Strzeżony ośrodek w Białej Podlaskiej podlega Straży Granicznej. Przebywa w nim teraz ok. 90 osób w tym kilka rodzin z dziećmi.
Ponad dwa tygodnie temu 30 Gruzinów podjęło tutaj dwudniowy protest głodowy. Nie skarżyli się jednak na warunki, a na samą decyzję sądu, który umieścił ich w takiej placówce. Bialski ośrodek nie obawia się więc kontroli.
– Wizytacji jest u nas bardzo dużo. Odwiedzają nas także organizacje pozarządowe związane z uchodźcami. Organizują w ośrodku porady prawne –mówi st. chor. SG Dariusz Sienicki, rzecznik prasowy komendanta Nadbużańskiego Oddziału Straży Granicznej.

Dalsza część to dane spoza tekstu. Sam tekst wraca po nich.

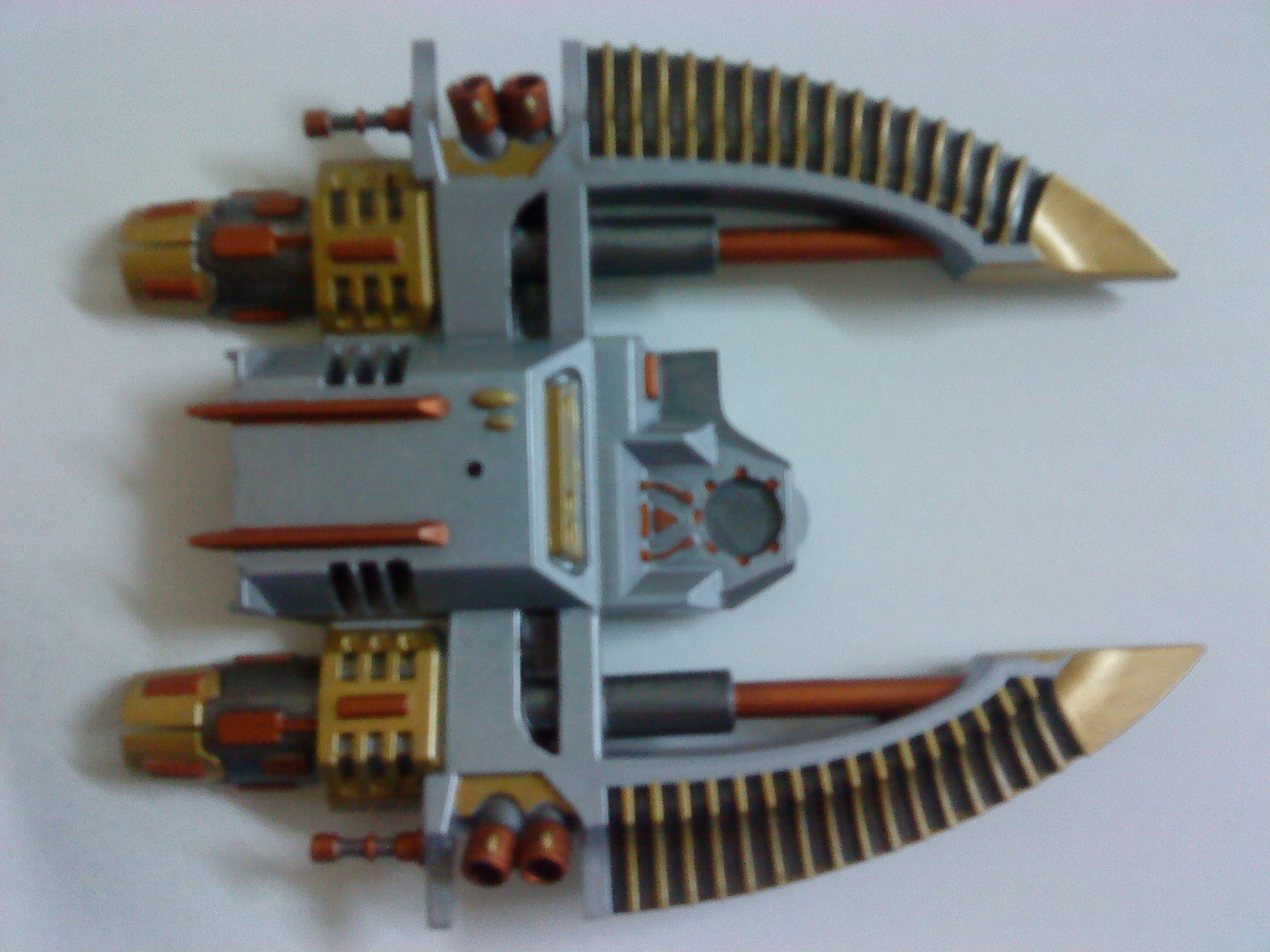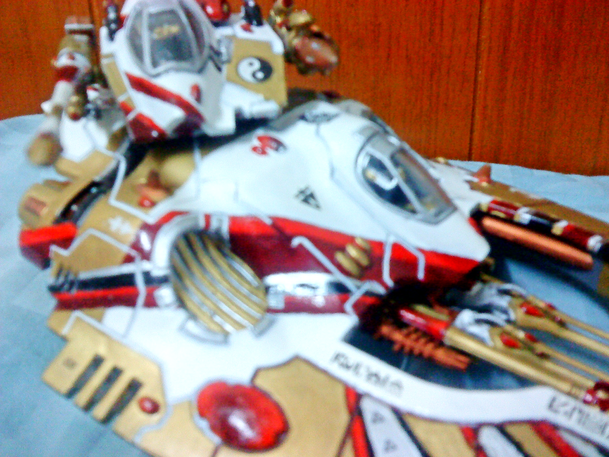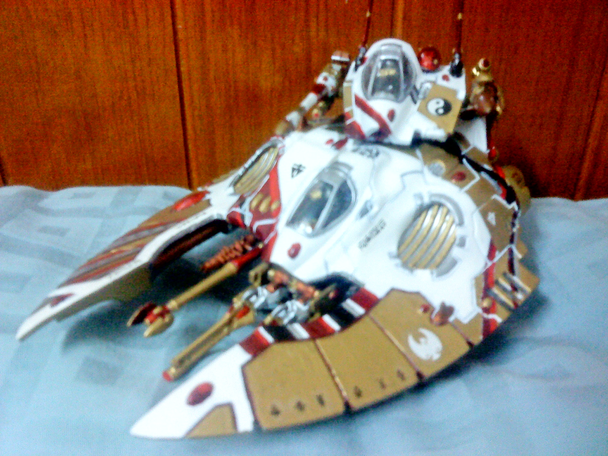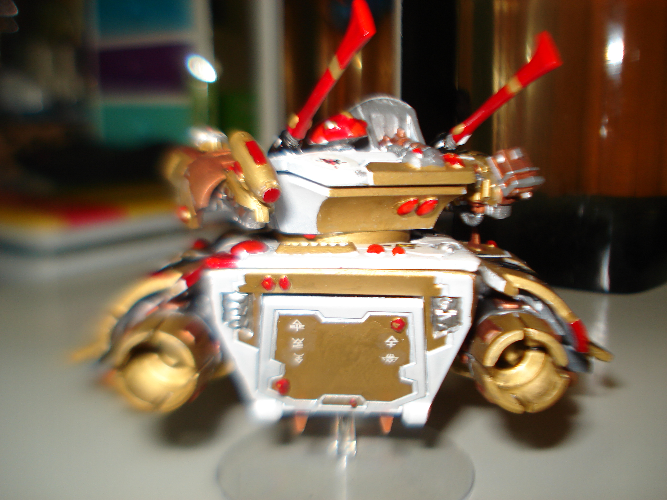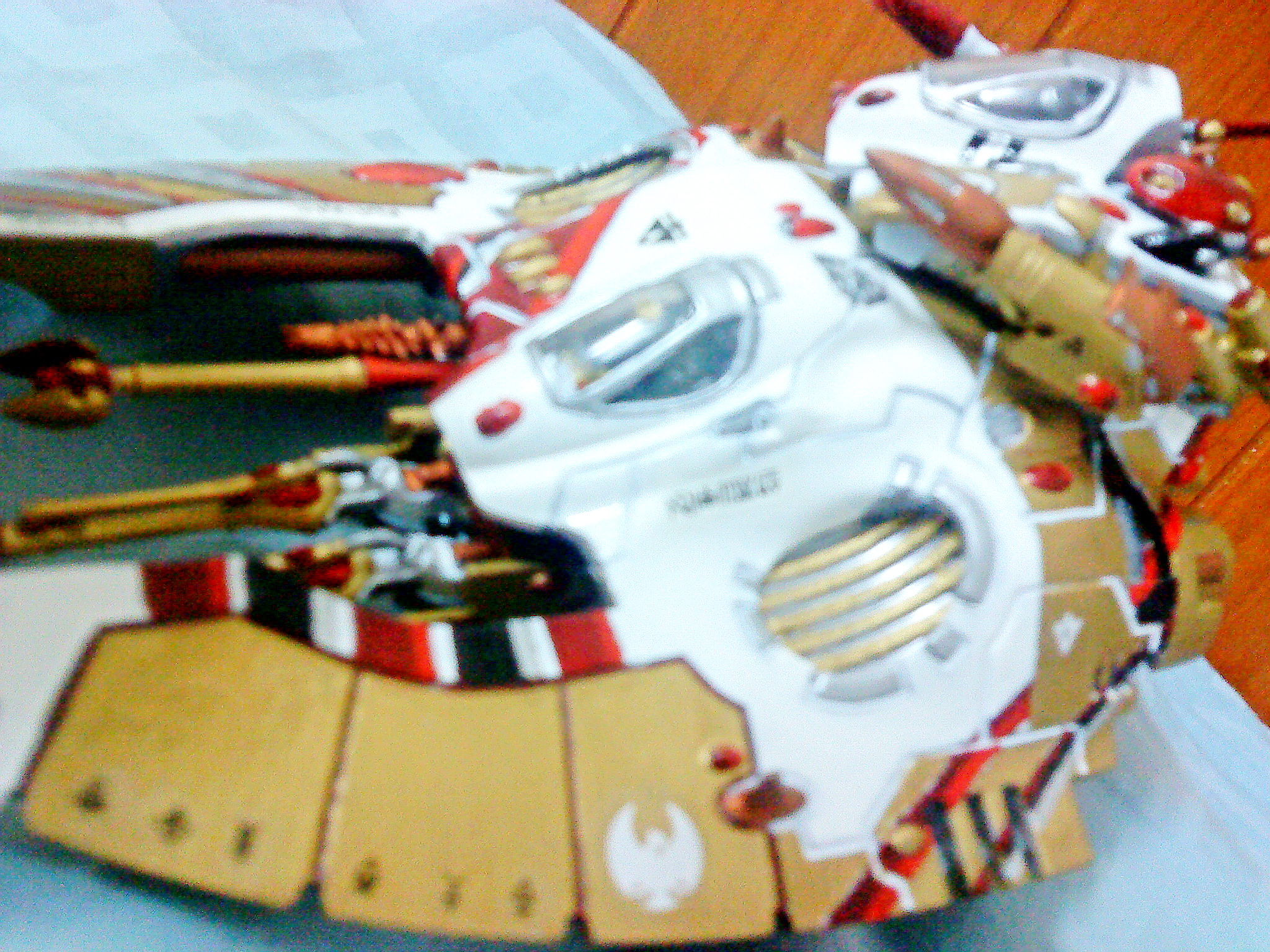 I like the colours, when you started off gold and white I didn't know if it was going to come together but adding the red and glyphs etc tied it in. I also like the way you've painted it nice and clean just how i imagine Eldar to be…
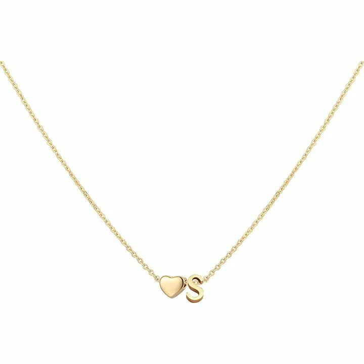 Glimmerst Initial Heart Necklace - 18K Gold Plated Personalized Charm for Women
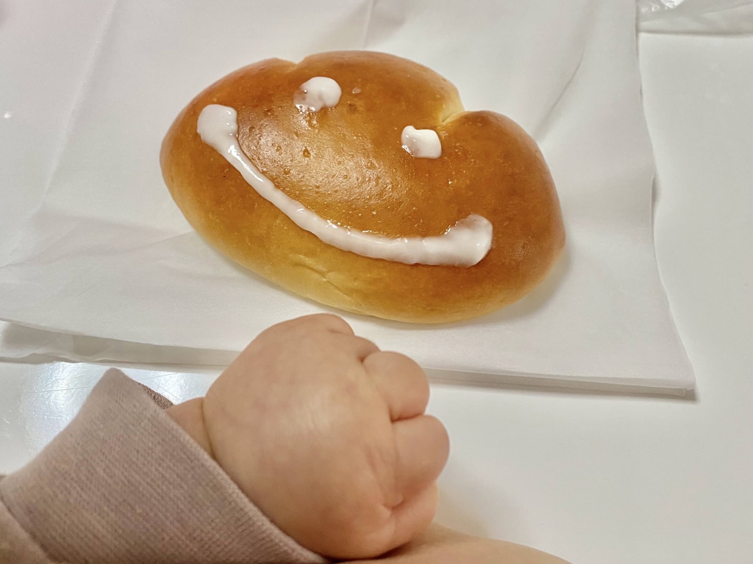 誰がクリームパンや・・・娘の成長記録TwitterFacebookはてブPocketLINEコピー2022.02.12ママがうちの手にクリームパン置いてきた。 誰がクリームパンそっくりじゃ😡(ぷんぷん)
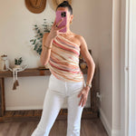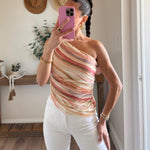 Product Features: One Shoulder Ruched Mesh Top with Asymmetrical Hem

Cudzoziemcy mogą też korzystać z telefonów komórkowych i z telefonu stacjonarnego. Mają dostęp do lekarzy specjalistów, a kuchnia przygotowuje im posiłki, które uwzględniają ich kulturę. – Rodziny z dziećmi mogą swobodnie poruszać się po ośrodku, korzystać z kuchni i przygotowywać dodatkowe posiłki – tłumaczy Sienicki.
Szef MSW zapowiada, że będzie dążył do tego, aby rodzin z dziećmi w strzeżonych ośrodkach było jak najmniej. Resort przygotował już projekt ustawy, który przewiduje m.in., że dzieci do 13 roku życia nie będą umieszczane w takich placówkach.